* Your objective:
Below is a listing; print exactly its lines from the one containing "시작 버튼 -> Windows 관리 도구 -> 시스템 정보 선택" down to the one containing "Four Vintage Porcelain", both inclusive, with every picture left out.

* Supplied entries:
┌──
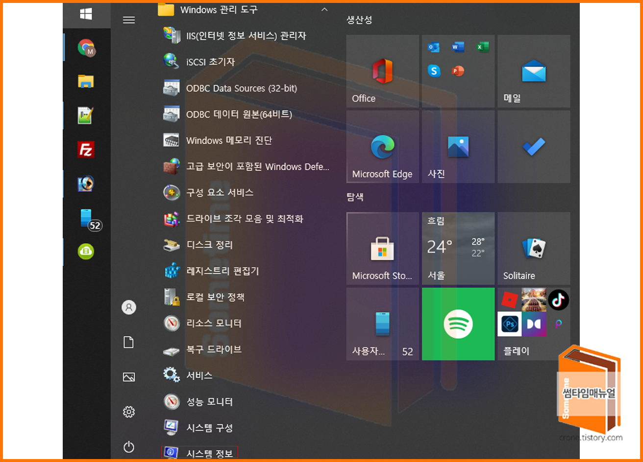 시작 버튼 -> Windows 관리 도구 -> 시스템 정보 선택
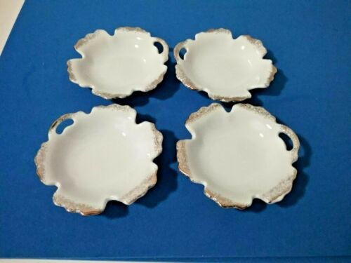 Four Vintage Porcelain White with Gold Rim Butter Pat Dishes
└──
┌──
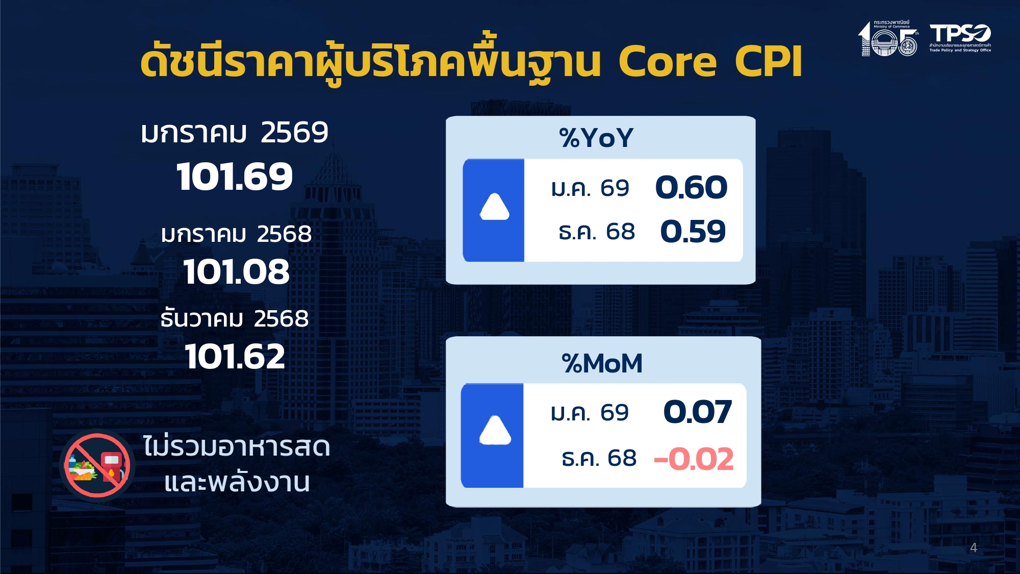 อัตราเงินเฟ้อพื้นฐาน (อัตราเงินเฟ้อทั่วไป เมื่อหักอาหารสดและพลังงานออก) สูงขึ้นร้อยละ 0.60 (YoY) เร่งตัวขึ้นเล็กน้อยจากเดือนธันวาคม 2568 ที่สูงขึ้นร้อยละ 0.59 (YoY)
└──
* Solution for this exercise:
 시작 버튼 -> Windows 관리 도구 -> 시스템 정보 선택
 Four Vintage Porcelain White with Gold Rim Butter Pat Dishes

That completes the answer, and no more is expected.